A search for a person's name will often return the addresses of Web pages written by that person or the addresses of Web sites that include information about that person. Kotz (1998) points out that since many email-discussion lists are stored and archived on Web pages, it is possible for a search engine to locate information that users contribute to electronic mailing lists or listservers. Search engines can also search through archives of news groups, such as Usenet, on which online users also post and retrieve information. One such group, DejaNews, is set up to save permanent copies of new postings and thus provides search engines with a comprehensive searchable database. DejaNews also provides "author profiles" which include links to all of the online articles posted by a particular person. Because the various news groups contain links to information posted by a person, they can provide search-engine users with considerable insight into that person's interests and activities.

It could be argued that information currently available on the Internet, including information about individual persons, is, by virtue of its residing on the Internet, public information. We can, of course, question whether all of the information currently available on the Internet should be viewed as public information. The following scenario (see Tavani, 1997) may cause us to question whether at least some information about individual persons, such as personal information stored on a Web server or in a database that is accessible to Internet users, should be viewed as public information. Consider a case in which an individual contributes to a cause sponsored by a homosexual organization. That individual's contribution is later acknowledged in the organization's newsletter (a hardcopy publication that has a limited distribution). The organization's publications, including its newsletter, are then converted to electronic format and included on the organization's Internet Web site. The Web-site is "discovered" by a search-engine program and an entry about that site's address is recorded in the search engine's database. Suppose that you enter this individual's name in the entry box of a search-engine program and a "hit" results, identifying that person with a certain homosexual organization. Since the person identified may have no idea that such publicly available information about his or her activities exists, here the use of search engine-technology might indeed raise a privacy concern for the individual in question.

6. The Public vs. the Private Aspects of Personal Information

We have already seen that certain Internet-related privacy concerns, whether they fall under the category of concerns specific to Internet technology or under the category of concerns simply enhanced by Internet tools and techniques, may cause us to reassess some of our implicit assumptions regarding the distinction between public and private information. For example, at least some uses of search engines (an Internet-specific tool) as well as certain cases involving data mining (an Internet-enhanced technique) challenge our commonly held assumptions about which information should be regarded as public and which should be viewed as private.

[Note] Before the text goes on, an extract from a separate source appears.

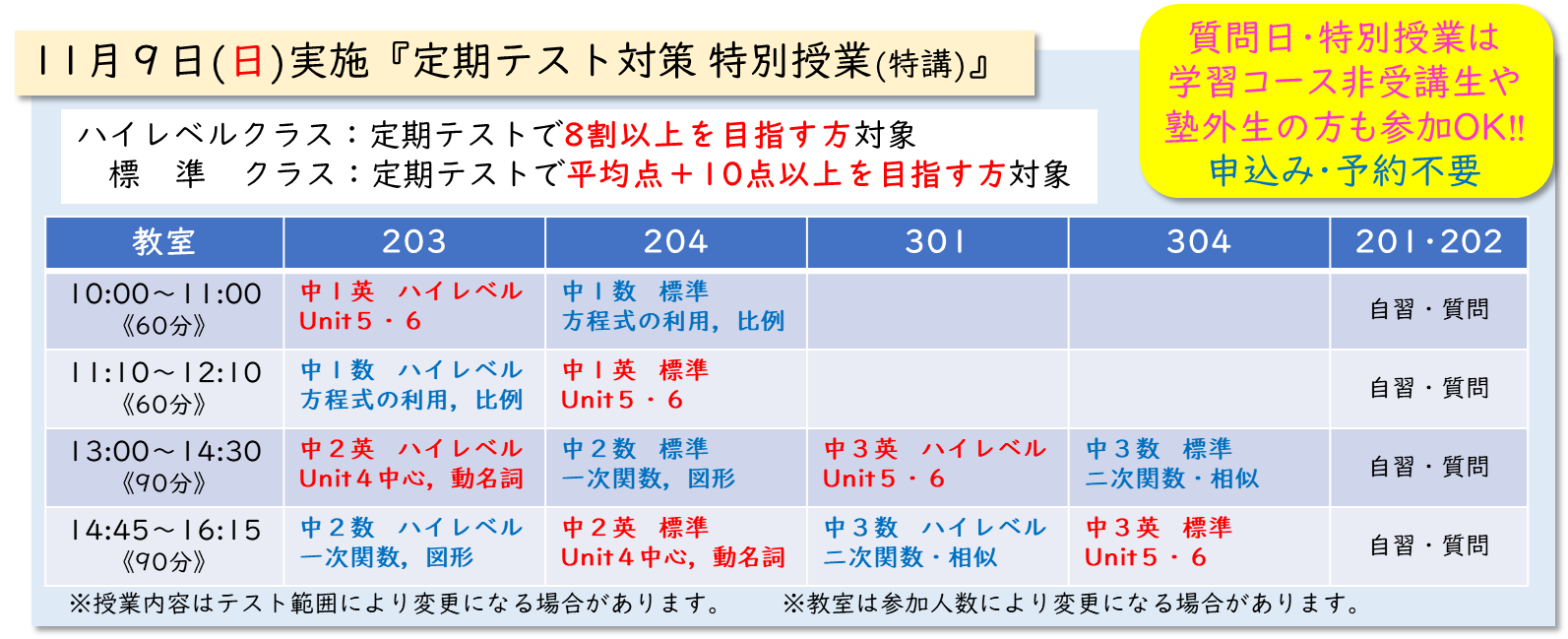 また、11月9日(日)には『テスト対策特別講座(英数)』を開講します。(参加無料)

6.1 Is the Internet a Public "Place?"

With respect to the public vs. private characteristics of the data that is both collected from certain Internet activities by online business and available to any Internet user via a range of search tools and techniques, a number of questions arise. For example, is the Internet a public "place" (assuming, of course, an "entitative" or substantive view of the Internet), in which case certain activities would come under the rules of the public sphere? If so, can visitors reasonably expect to receive any more protection in the public realm of "Internet space" or cyberspace than they currently enjoy in the public realm of physical space? On the one hand, the Internet might seem, by definition, to be in a public sphere. Does it follow, however, that all information about persons that is currently gathered from, and included in databases accessible to, the Internet is ipso facto public information? Wright and Kakalik (1997) point out that while certain types of information have always been available through public documents, e.g., real estate deeds in the past, this information was not readily available for mass distribution. Should the fact that this publicly accessible information can now be distributed electronically, both in a manner and on a scale that was not previously possible, cause us to reconsider our sense of what is "public information?" Do we perhaps need new rules and policies regarding what counts as a "public activity" on the Internet because of the ways in which "public information" can now be exchanged?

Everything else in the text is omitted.